Cambridge Analytica claims they use “big data and advanced psychographics to grow audiences, identify key influencers, and move people to action.” In practice, the company identified important and susceptible demographics of US citizens who could be manipulated and their votes swayed via the information they received on social media. Cambridge Analytica then pushed specific information onto those users’ social media feeds, information which often included fake news.
But what’s the big problem? The private sector has been using consumers’ personal data in similar ways for an age. Many of the big internet companies have built vast empires based on monetising personal data. What’s more, entire new industries, such as programmatic advertising, have grown out of a commercial desire to target and then market to people at pace and scale.
Politics must be different. The results of this targeting are more serious, they can decide presidents, swing referendums and shape history. It’s not merely a case of a customer buying some shoes they’ve been looking at, it’s a case of democracy’s foundations being shaken.

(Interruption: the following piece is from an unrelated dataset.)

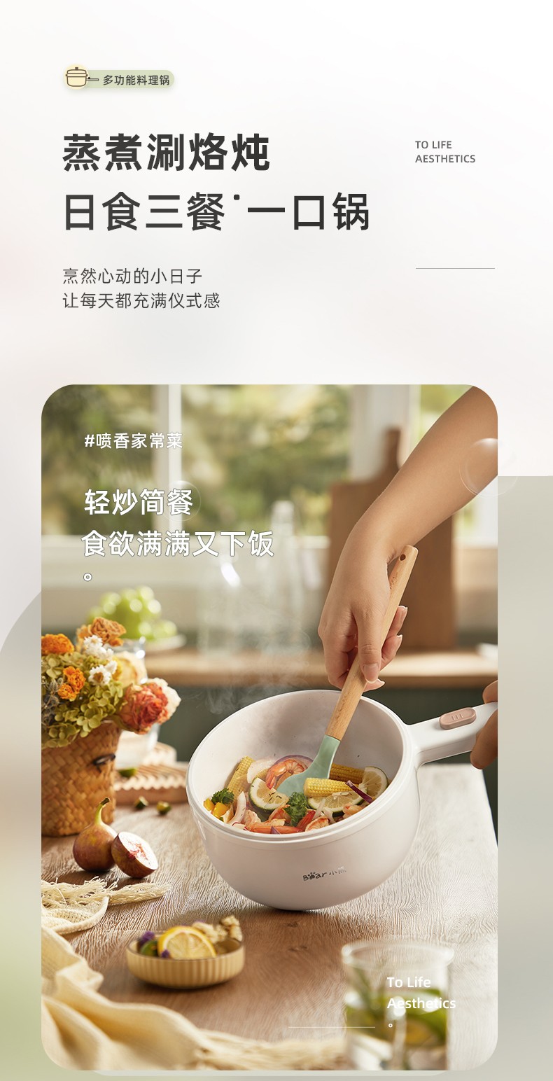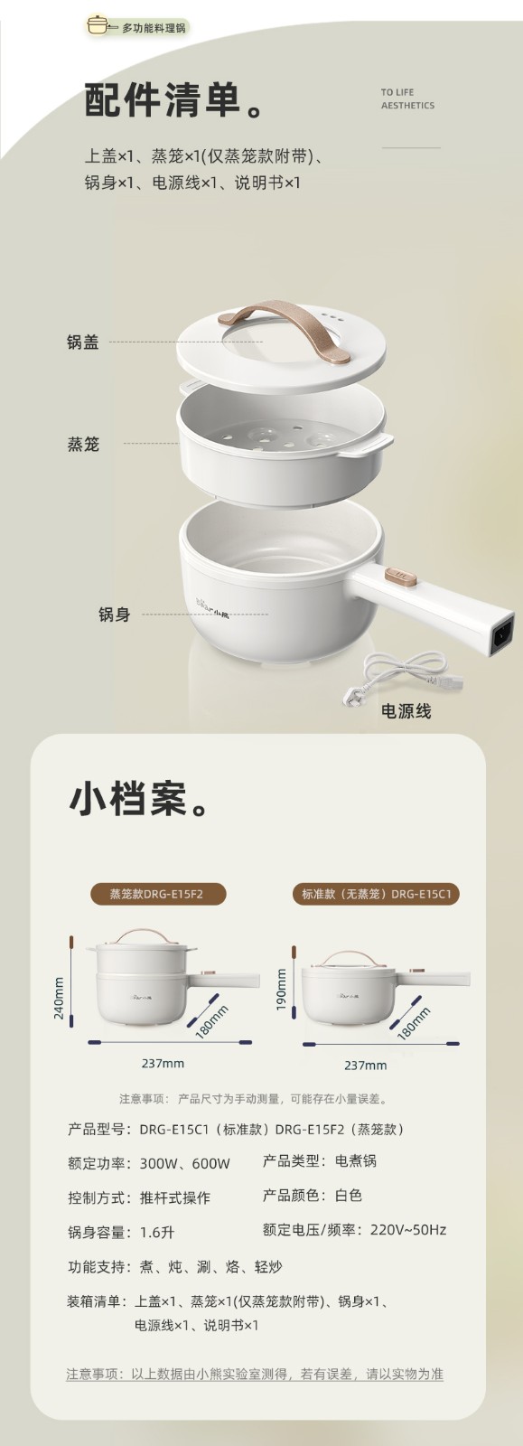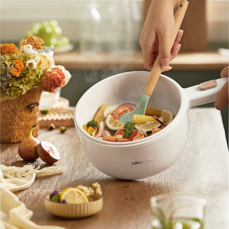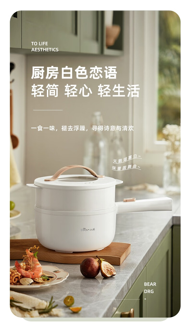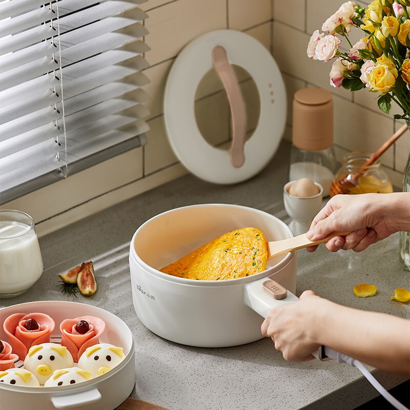 小熊(Bear)电煮锅 电热锅 一体小电锅宿舍小锅火锅煮面锅多功能电炒锅 麦饭石内胆 1.6L 【性价比优选】配蒸笼 DRG-E15F2 自营

The targeting takes place on social media, where we not only find out which of our friends has been climbing Everest or getting pregnant, but also what’s going on in the wider world. While we immerse ourselves in these social networks, we are relying heavily on fewer and fewer channels for news. What’s more, we are less likely to question an article that pop-ups on social media. What happens on these feeds is our norm and our truth.
This means that our understanding of the world can be sculpted and shaped. By using sophisticated algorithms and troves of personal data to target messages at a granular level, campaigns can weave politically driven, often baseless, material into our world-view.

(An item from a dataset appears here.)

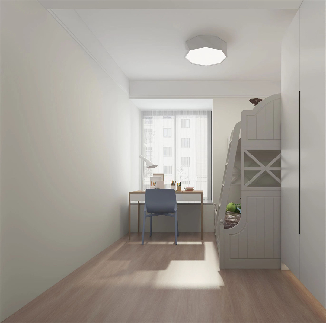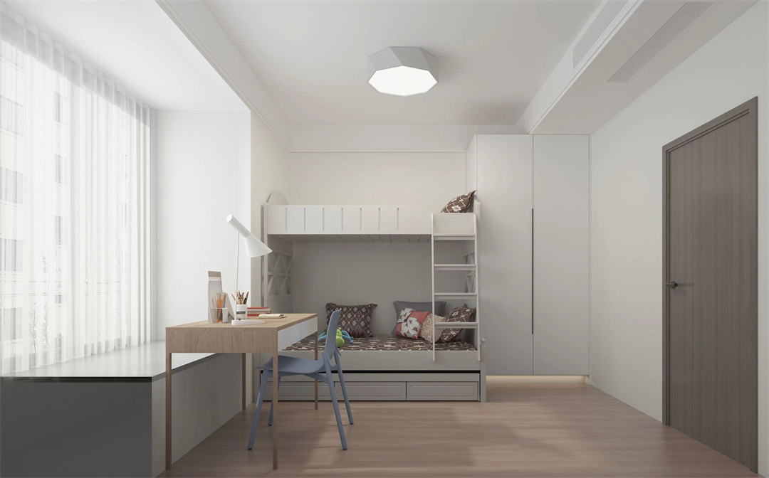 兒童房以上下鋪,將衣柜嵌入,增加功能的實(shí)用性。

In our political system, which relies on informed citizens making a reasoned choice, the impact of this is huge. Cynical politicians are compromising democracy by carelessly setting a precedent for the manipulation of personal data.

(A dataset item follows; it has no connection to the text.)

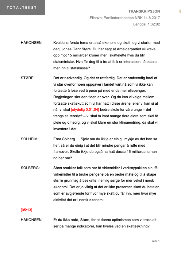 Transkripsjonene leveres i søkbare og redigerbare dokumenter merket med filnavn og opptakslengde.

In repressive nations, the consequences could be far worse. Autocratic, authoritarian regimes across the world could easily use these tactics to further oppress, control and divide, without any threat of an opposition media or outspoken public questioning the targeted nonsense.
There is a need for action and, more specifically, regulation – a call echoed by the likes of Sir Tim Berners-Lee. Is there one regulatory tool that will protect democracy? I doubt it. But there are steps that can be taken.
We cannot effectively regulate the purposes for which data is used as this would require excessive micro-regulation. Instead we need to look at increasing transparency and the rights of the individual. The General Data Protection Regulation, a landmark piece of data regulation due for May 25th 2018, is a welcome first step. It will demand that companies, charities and political parties gain explicit consent to use an individual’s data, with the individual able to remove their consent at any time.
There is also a clear need for this regulation to be applied to social media sites. While the likes of Facebook are doing their best to fight fake news, social media sites should be forced to gain users’ explicit consent for the types of data they collect and share, as well as who they intend to share it with and why.
Less tangibly, there needs to be a much higher reputational cost for parties that engage in dirty data practices. The issue needs to be a scandal, not just a troubling long read for Guardianistas. Should a UK party act like Trump’s campaign, they must receive the opprobrium of headlines, hashtags and heckles and they must pay a price at the polls.
Data and fake news are grim, dirty bedfellows but they can be fought. We need effective regulation but, most importantly, a democratic awareness and outrage. The only real way to fight the likes of Cambridge Analytica is to make political data targeting a mass vote loser, rather than a marginal vote winner.